- **Your assignment**:
With pictures left out, output exactly the lines from the line holding "保育者の後に続いて「gree" through the end of the data, both included.

- **Material provided**:
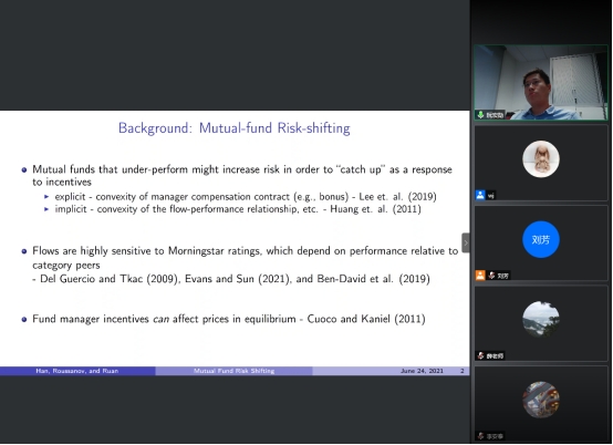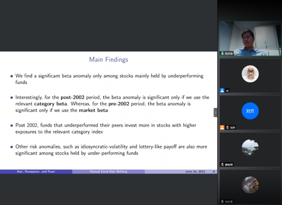 6月24日,喻园管理论坛2021年第48期(总第705期)通过线上直播顺利举行。北京大学光华Bevictor伟德助理教授阮宏勋为大家带来了题为“Mutual Fund Risk Shifting and Risk Anomalies”(共同基金风险转移与风险异象)的报告。华中科技大学Bevictor伟德财务金融系主任薛明皋教授、党支部书记王向阳副教授、副系主任滕敏副教授、吴文莉副教授以及Bevictor伟德多名本科生和研究生参加本次论坛。论坛由财务金融系李安泰老师主持。
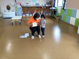 保育者の後に続いて「green」「orange」と発音することができていましたよ🎵
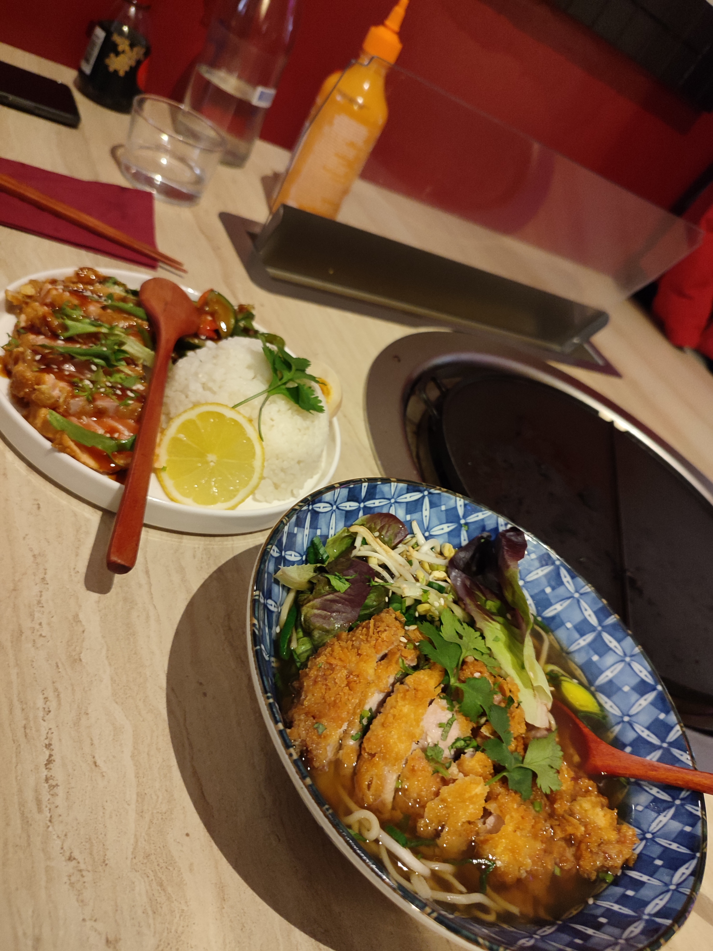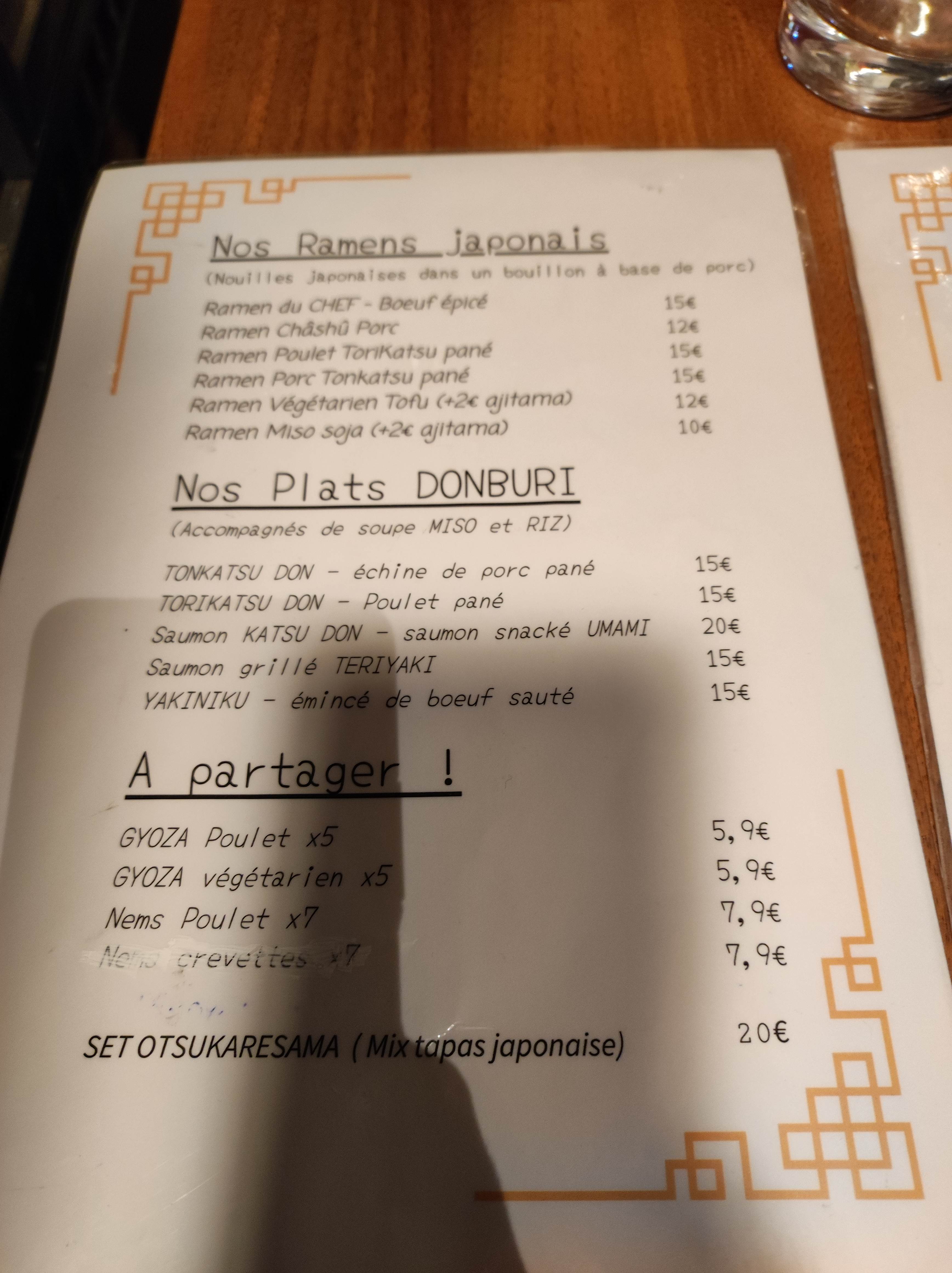 Très déçu par les ramens qui pour moi n’en sont pas du tout, bouillon sans goût,
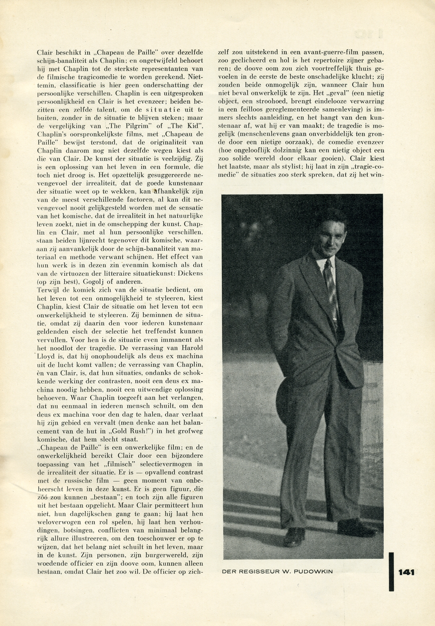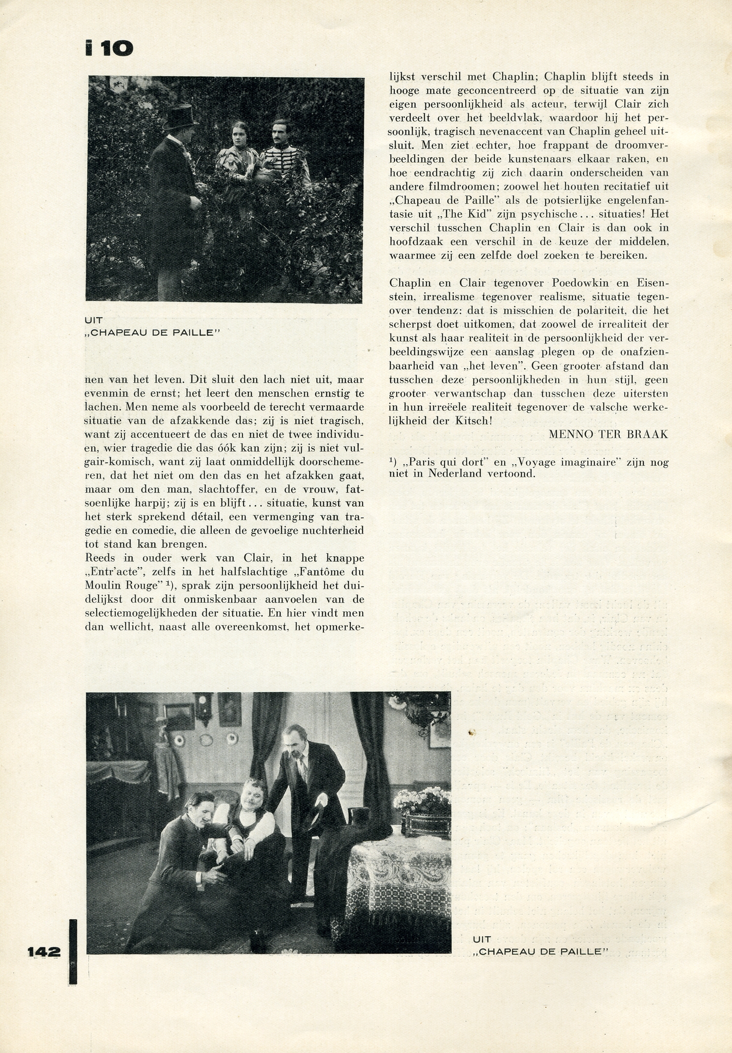 Clair beschikt in ‘Chapeau de Paille’ over dezelfde schijn-banaliteit als Chaplin; en ongetwijfeld behoort hij met Chaplin tot de sterkste representanten van de filmische tragicomedie te worden gerekend. Niettemin, classificatie is hier geen onderschatting der persoonlijke verschillen. Chaplin is een uitgesproken persoonlijkheid en Clair is het evenzeer; beiden bezitten een zelfde talent, om de situatie uit te buiten, zonder in de situatie te blijven steken; maar de vergelijking van ‘The Pilgrim’ of ‘The Kid’, Chaplin's oorspronkelijkste films, met ‘Chapeau de Paille’ bewijst terstond, dat de originaliteit van Chaplin daarom nog niet dezelfde wegen kiest als die van Clair. De kunst der situatie is veelzijdig. Zij is een oplossing van het leven in een formule, die toch niet droog is. Het opzettelijk gesuggereerde nevengevoel der irrealiteit, dat de goede kunstenaar der situatie weet op te wekken, kan afhankelijk zijn van de meest verschillende factoren, al kan dit nevengevoel nooit gelijkgesteld worden met de sensatie van het komische, dat de irrealiteit in het natuurlijke leven zoekt, niet in de omschepping der kunst. Chaplin en Clair, met al hun persoonlijke verschillen, staan beiden lijnrecht tegenover dit komische, waaraan zij aanvankelijk door de schijn-banaliteit van materiaal en methode verwant schijnen. Het effect van hun werk is in dezen zin evenmin komisch als dat van de virtuozen der litteraire situatiekunst: Dickens (op zijn best), Gogolj of anderen.

- **Finished task**:
 保育者の後に続いて「green」「orange」と発音することができていましたよ🎵
 Très déçu par les ramens qui pour moi n’en sont pas du tout, bouillon sans goût,
 Clair beschikt in ‘Chapeau de Paille’ over dezelfde schijn-banaliteit als Chaplin; en ongetwijfeld behoort hij met Chaplin tot de sterkste representanten van de filmische tragicomedie te worden gerekend. Niettemin, classificatie is hier geen onderschatting der persoonlijke verschillen. Chaplin is een uitgesproken persoonlijkheid en Clair is het evenzeer; beiden bezitten een zelfde talent, om de situatie uit te buiten, zonder in de situatie te blijven steken; maar de vergelijking van ‘The Pilgrim’ of ‘The Kid’, Chaplin's oorspronkelijkste films, met ‘Chapeau de Paille’ bewijst terstond, dat de originaliteit van Chaplin daarom nog niet dezelfde wegen kiest als die van Clair. De kunst der situatie is veelzijdig. Zij is een oplossing van het leven in een formule, die toch niet droog is. Het opzettelijk gesuggereerde nevengevoel der irrealiteit, dat de goede kunstenaar der situatie weet op te wekken, kan afhankelijk zijn van de meest verschillende factoren, al kan dit nevengevoel nooit gelijkgesteld worden met de sensatie van het komische, dat de irrealiteit in het natuurlijke leven zoekt, niet in de omschepping der kunst. Chaplin en Clair, met al hun persoonlijke verschillen, staan beiden lijnrecht tegenover dit komische, waaraan zij aanvankelijk door de schijn-banaliteit van materiaal en methode verwant schijnen. Het effect van hun werk is in dezen zin evenmin komisch als dat van de virtuozen der litteraire situatiekunst: Dickens (op zijn best), Gogolj of anderen.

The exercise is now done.